如果需要access keyed state and timers 就用PF(v1.4之前有問題)

PF都是實現了RichFunction介面,所以都有開關方法。另外兩個重要方法(他們同步執行,防止併發訪問和修改state)是:

  • processElement(v: IN, ctx: Context, out: Collector[OUT]):對每條資料呼叫。它可以通過Context來訪問資料的timestamp和任務的TimerService,而且還可以釋放記錄到其他出口。
  • onTimer(timestamp: Long, ctx: OnTimerContext, out: Collector[OUT]):一個回撥方法,當之前登記的timer被觸發時呼叫。OnTimerContext和上面的Context類似,它還返回trigger的time domain(processing or event time)

The TimerService and Timers

上面兩個的TimerService(即context)有4個方法:

  • currentProcessingTime(): Long returns the current processing time.

  • currentWatermark(): Long returns the timestamp of the current watermark.

  • registerProcessingTimeTimer(timestamp: Long): Unit registers a processing time timer. The timer will fire when the processing time of the executing machine reaches the provided timestamp.

  • registerEventTimeTimer(timestamp: Long)

    上面的register只針對key streams。To use timers on a non-keyed stream, you can create a keyed stream by using a KeySelector with a constant dummy key. Note that this will move all data to a single task such that the operator would be effectively executed with a parallelism of 1.

對每個key可以登記多個timer,timestamp只有一個。登記後不能刪除(1.6後可以)。PF內有所有timer的時間,存放在堆的權重佇列,並將它們作為持久化的function state。timer通常用來根據一段時間後清除key state或者實現自定義time-based windowing邏輯。每個key與timestamp組合的timer只能有一個,比如key1 1:00:00如果重複了,只會執行這種timer一次。這裡涉及timer的登記技巧,將timer的時間round為秒,這樣就不會因資料過多時,每秒產生多個timer。event-time就round為當前WM+1

// 登記
// coalescing到1秒,避免timer頻繁登記
val coalescedTime = ((ctx.timestamp + timeout) / 1000) * 1000
// 針對WM的coalescing
val coalescedTime = ctx.timerService.currentWatermark + 1
ctx.timerService.registerProcessingTimeTimer(coalescedTime)

// 刪除
ctx.timerService.deleteProcessingTimeTimer(timestampOfTimerToStop)
ctx.timerService.deleteEventTimeTimer(timestampOfTimerToStop)

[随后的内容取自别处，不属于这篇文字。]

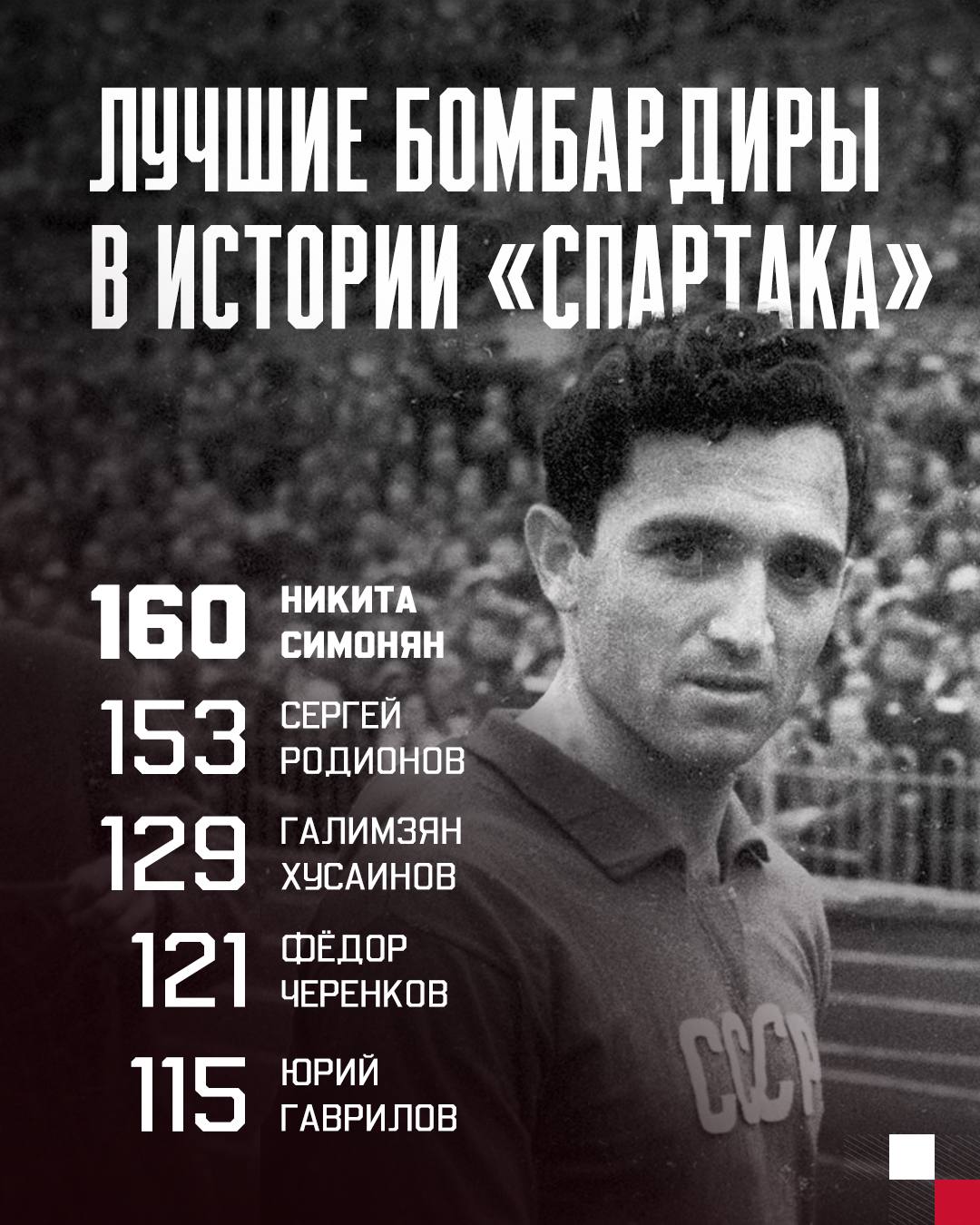 Клуб Григория Федотова. С учетом голов за «Крылья Советов» и сборную страны в активе Симоняна 183 мяча. Из игроков, выступавших за «Спартак», этот показатель смог улучшить только Роман Павлюченко.

Timers會被checkpoint(1.5同步,1.6非同步checkpoint,除非涉及RocksDB backend / with incremental snapshots / with heap-based timers,最後一個1.7解決),當從失敗重啟,過其的timer會被馬上觸發。

val warnings = readings
  .keyBy(_.id)
  // apply ProcessFunction to monitor temperatures
  .process(new TempIncreaseAlertFunction)

// =================== //

/** Emits a warning if the temperature of a sensor
  * monotonically increases for 5 second (in processing time).
  */
class TempIncreaseAlertFunction
  extends KeyedProcessFunction[String, SensorReading, String] {

  // hold temperature of last sensor reading
  lazy val lastTemp: ValueState[Double] = getRuntimeContext.getState(
      new ValueStateDescriptor[Double]("lastTemp", Types.of[Double]))

  // hold timestamp of currently active timer
  lazy val currentTimer: ValueState[Long] = getRuntimeContext.getState(
      new ValueStateDescriptor[Long]("timer", Types.of[Long]))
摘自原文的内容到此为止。